Hemp is a cousin of marijuana; both are strains of the plant, Cannabis Sativa L. Like Shepherds and Chihuahuas, they're selectively cultivated for different needs. Marijuana comes from the flowering tops of strains potent in THC while hemp, or industrial hemp, is grown for its seeds, oil, food and fiber. It's not for getting high but hemp has thousands of uses.
Many argue that hemp is the real reason marijuana was made illegal in the Marijuana Tax Act of 1937. Hemp was heavily grown in backyards, a cash crop that was difficult to tax by the government. "Yellow journalist," William Hearst, a newspaper mogul owning timber fields and paper mills, teamed up with Andrew Mellon, the wealthiest American and investor in DuPont Chemicals. Each stood to lose millions at the prospect of hemp producing paper, nylon and medicines.
Some interesting facts on hemp:
  • It's been grown by humans for over 10,000 years, the oldest known crop for textiles. Anything made from cotton, timber, petroleum and plastics can be made by hemp. (In most cases hemp can make them better.)
  • George Washington grew hemp. Jefferson drafted the Declaration of Independence on its paper.
  • In WWII the Japanese cut off our supply of Manila hemp and the "Hemp for Victory" campaign was promoted in the US to support the war needs.

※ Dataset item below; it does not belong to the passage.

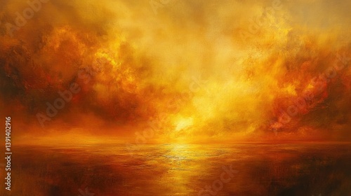 Wide view of the sea beneath an intense fiery sunset sky with golden reflections on the surface

  • Ironically, it was legal to pay taxes with hemp from 1631 until the early 1900s. Refusing to grow hemp during the 17th to 19th Centuries was against the law and even punishable by jail-time in Virginia from 1763 to 1769.

Henry Ford was such an advocate he built a car with hemp plastics that was much lighter than steel and ten times as strong. The car also ran on hemp oil. See this video and others on hemp uses.
Californians will vote on legalizing marijuana. If Prop 19 passes, maybe some election soon they'll vote on legalizing hemp. Does this seem backwards to anybody else, or is it just me?


What are your thoughts?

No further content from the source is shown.